When the pod restarts with the new image, PostgreSQL initializes a new empty data directory because the previous one was renamed to data-old.
5. Restore database content
Connect to the PostgreSQL pod again:
kubectl exec -it authentik-postgresql-0 -- bash
Restore your database from the backup:
# Navigate to the PostgreSQL directory
cd /bitnami/postgresql/
# Verify your dump file is still there
ls -lh dump.sql
# Set the PostgreSQL password
export PGPASSWORD=$(cat $POSTGRES_PASSWORD_FILE)

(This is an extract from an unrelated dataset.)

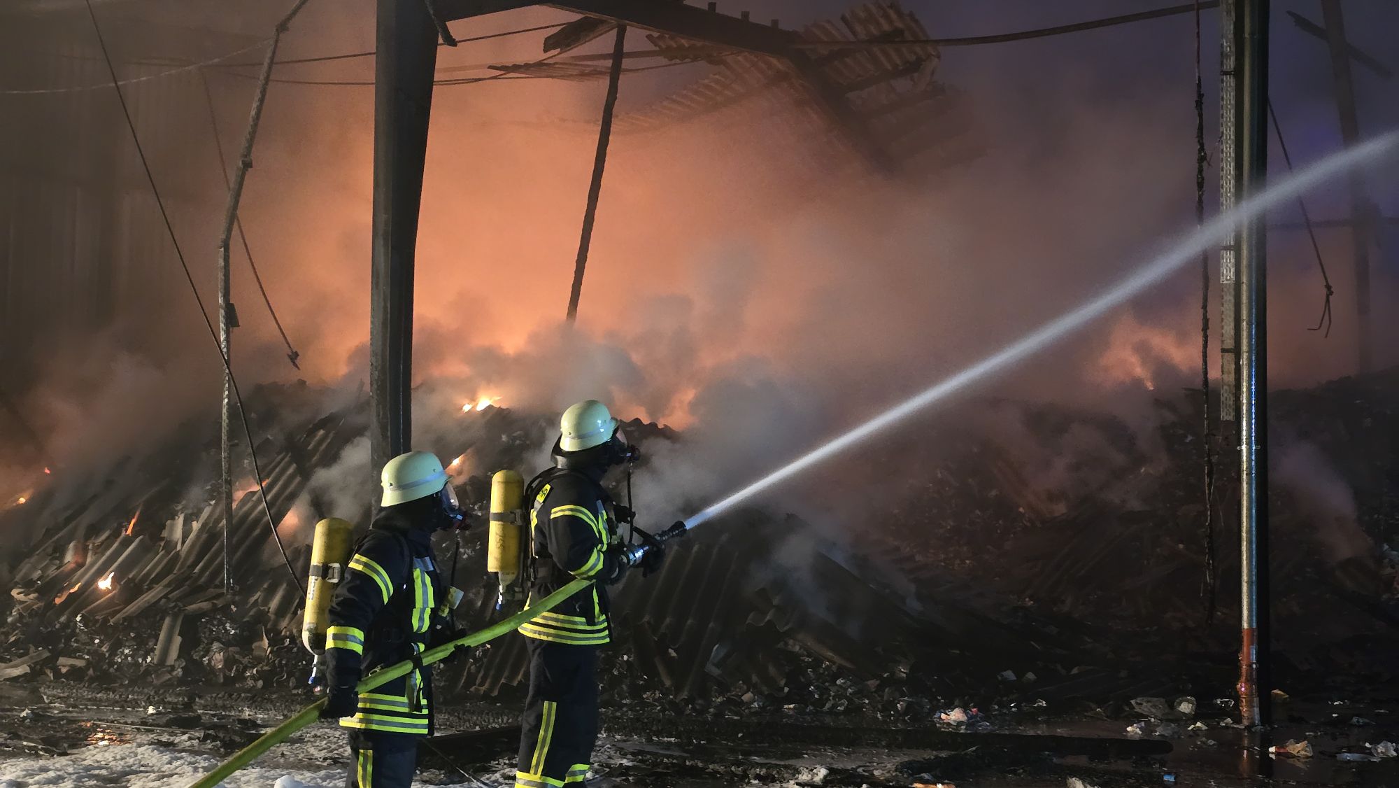 Beim Eintreffen der ersten Einsatzkräfte stand bereits ein erheblicher Bereich des rund 125 x 30 Meter großen Gebäudekomplexes in Vollbrand. Durch die enorme Hitzeentwicklung stürzten Teile des Daches ein. Das Industriegebiet wurde großräumig abgesperrt, während gleichzeitig eine Riegelstellung über mehrere Seiten errichtet wurde, um ein Übergreifen der Flammen auf angrenzende Hallenteile zu verhindern.

# Import the database dump
psql -U $POSTGRES_USER $POSTGRES_DATABASE < dump.sql
6. Restart authentik services
After the restore completes successfully, scale authentik back up or re-run your Helm deployment so the server and worker return to their normal replica counts.
7. Verify the upgrade
After everything starts again:
- confirm the PostgreSQL pod is healthy
- check the PostgreSQL, server, and worker logs for startup or migration errors
- log in to authentik through the UI to verify the application is functioning normally
Troubleshooting
If you encounter issues during the upgrade process:
- Check PostgreSQL logs:
kubectl logs authentik-postgresql-0 - Verify the values in your
values.yamlfile match the recommended settings - Ensure you have sufficient storage available for both the database dump and the database itself
Dump file not found
If dump.sql is missing after the restart:
- You may need to restore from the external backup if you copied it out of the pod
- The volume might have been recreated if you're using ephemeral storage
Restoring the original database
If you need to roll back to the old PostgreSQL data directory:
kubectl exec -it authentik-postgresql-0 -- bash
cd /bitnami/postgresql/
mv data data-new-failed
mv data-old data
Then restart PostgreSQL with the original version in your values.yaml.